То, как он произносит слово «покинули», и то, что он не смотрит на меня, наводит на мысль о том, что Джесс злится больше, чем можно судить по его поведению. Что он обижен на то, что я переехала. Он говорит, что все понимает, но, может быть, на самом деле вообще все иначе.
– Они по-прежнему открыты, да, – кивая, говорю я, пытаясь угодить ему. – Многие рестораны продолжают работать. Во многих из них все по-прежнему.
– Во многих, – повторяет он, а потом произносит совсем другим тоном: – А «Blair Books»? В «Blair Books» все по-прежнему? То есть понятно, что там новый управляющий.
– Да, – говорю я с улыбкой, гордясь собой. – Хотя я почти все сохранила. И родители до сих пор принимают в нем некоторое участие. Я же не пустилась во все тяжкие. Я веду дела почти так же, как они.
– Ты тоже раздаешь те маленькие закладки с надписью: «Путешествуй по миру с книгой»?
– Да! – восклицаю я. – Конечно, раздаю.
– Что? Это невозможно!
– Да, вполне возможно.
Я ковырялась вилкой в своей тарелке. Он ковырялся в своей. Оба мы почти не притронулись к еде.
Официантка, подойдя к нам, хмурится.
– Видимо, вы не слишком голодны, – говорит она, подливая воду в мой стакан.
– Все очень вкусно, – говорю я. – Но мы не…
– Нам нужно многое наверстать, – говорит Джесс. – Мы можем забрать это с собой?
– Конечно, дорогой, – говорит она, унося с собой обе наши тарелки.
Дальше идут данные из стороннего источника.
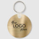 Främja en modern nyckelkedja för ditt företag med logotypen mot en borstad guld-fin metallisk bakgrund.
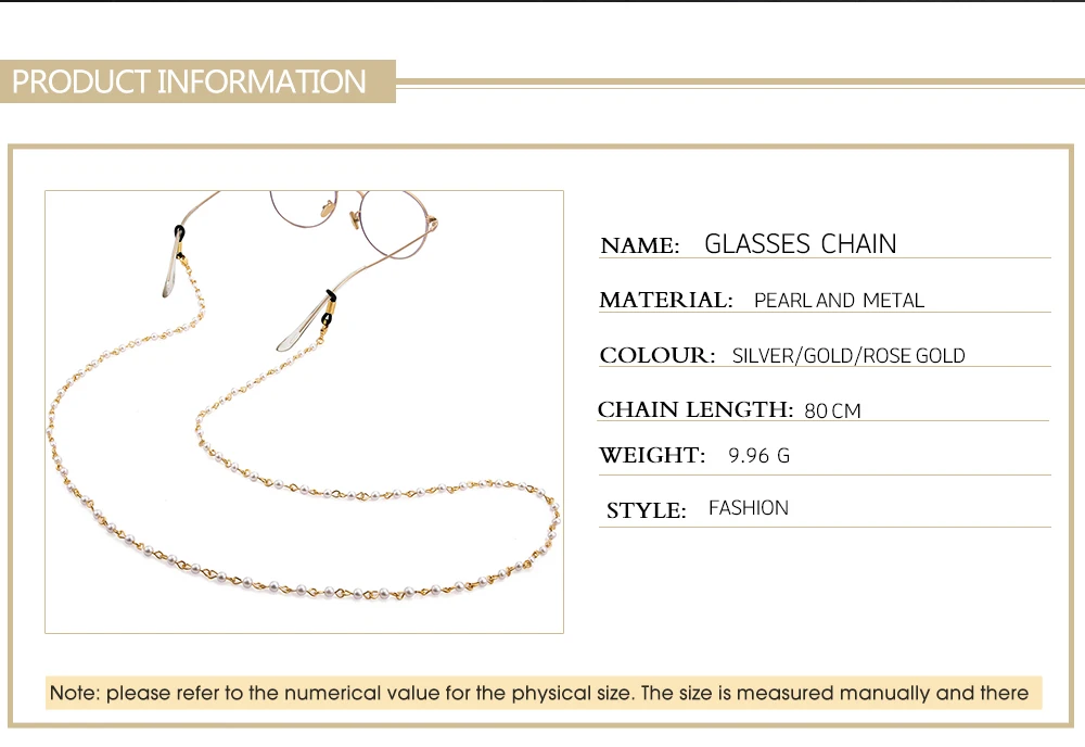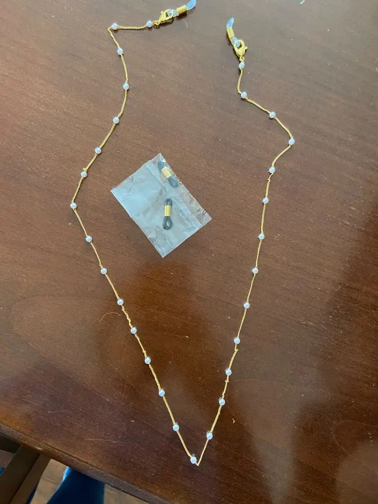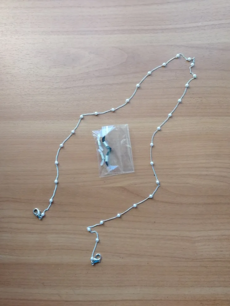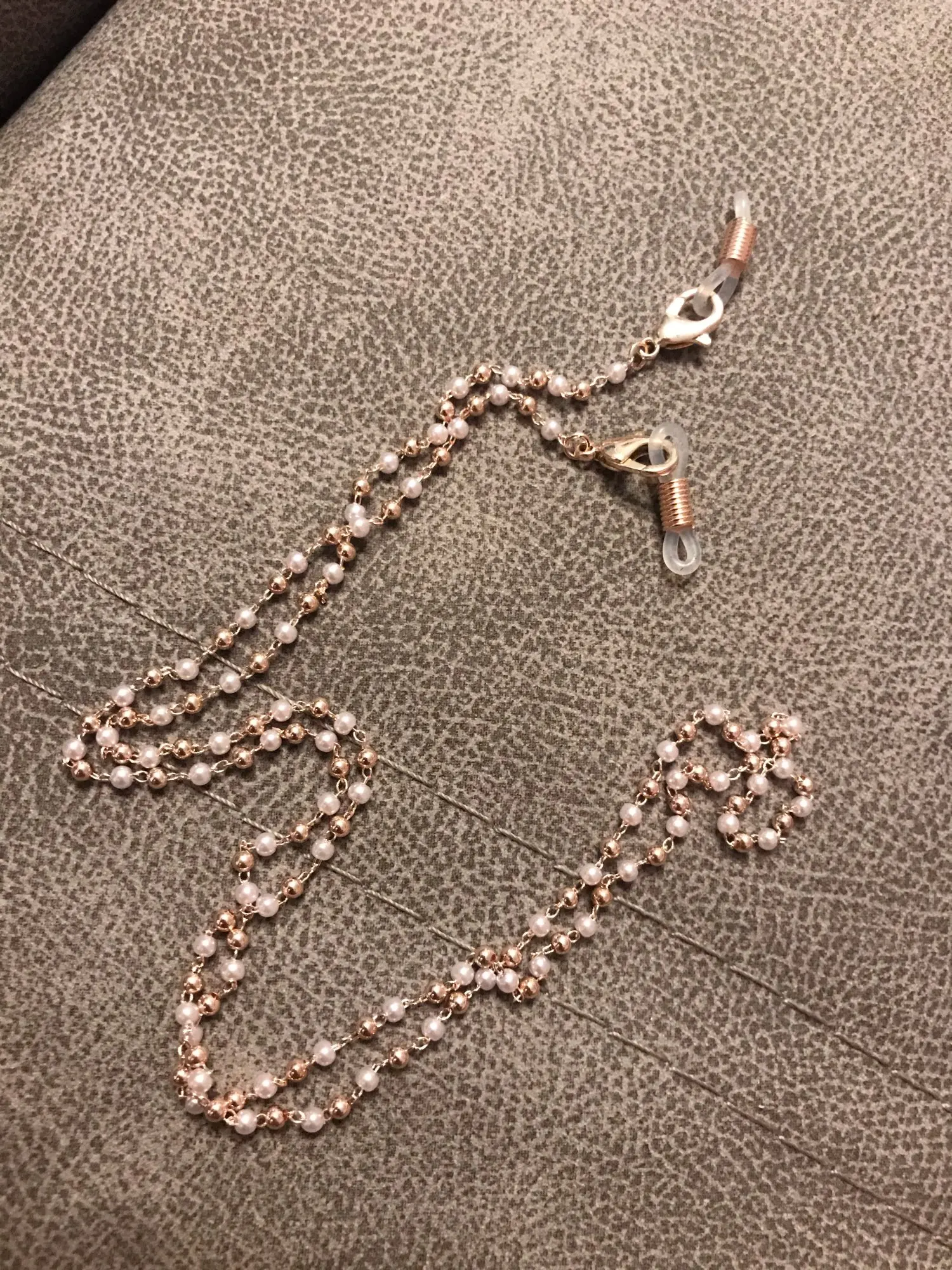 Заказанный 12/1 получил 12/18. Люблю универсальность использования цепочки для очков или масок (выбирая, какие крепежи использовать). В комплект входят дополнительные застежки для очков, поэтому вы можете выбрать черный или прозрачный. Доволен серебром и розовым золотом с жемчугом. На мой вкус Золото было немного «слишком золотым».

После ее ухода нам нечем занять руки, и не остается ничего другого, кроме как смотреть друг на друга.
– Ты всегда ненавидела эти закладки, – говорит Джесс.
– Я знаю, – отвечаю я. Я чувствую себя растерянной, думая о том, как я изменилась. Велико искушение солгать, перемотать пленку назад, поточнее вспомнить, кем я была до того, как он покинул меня, и попытаться снова стать той же.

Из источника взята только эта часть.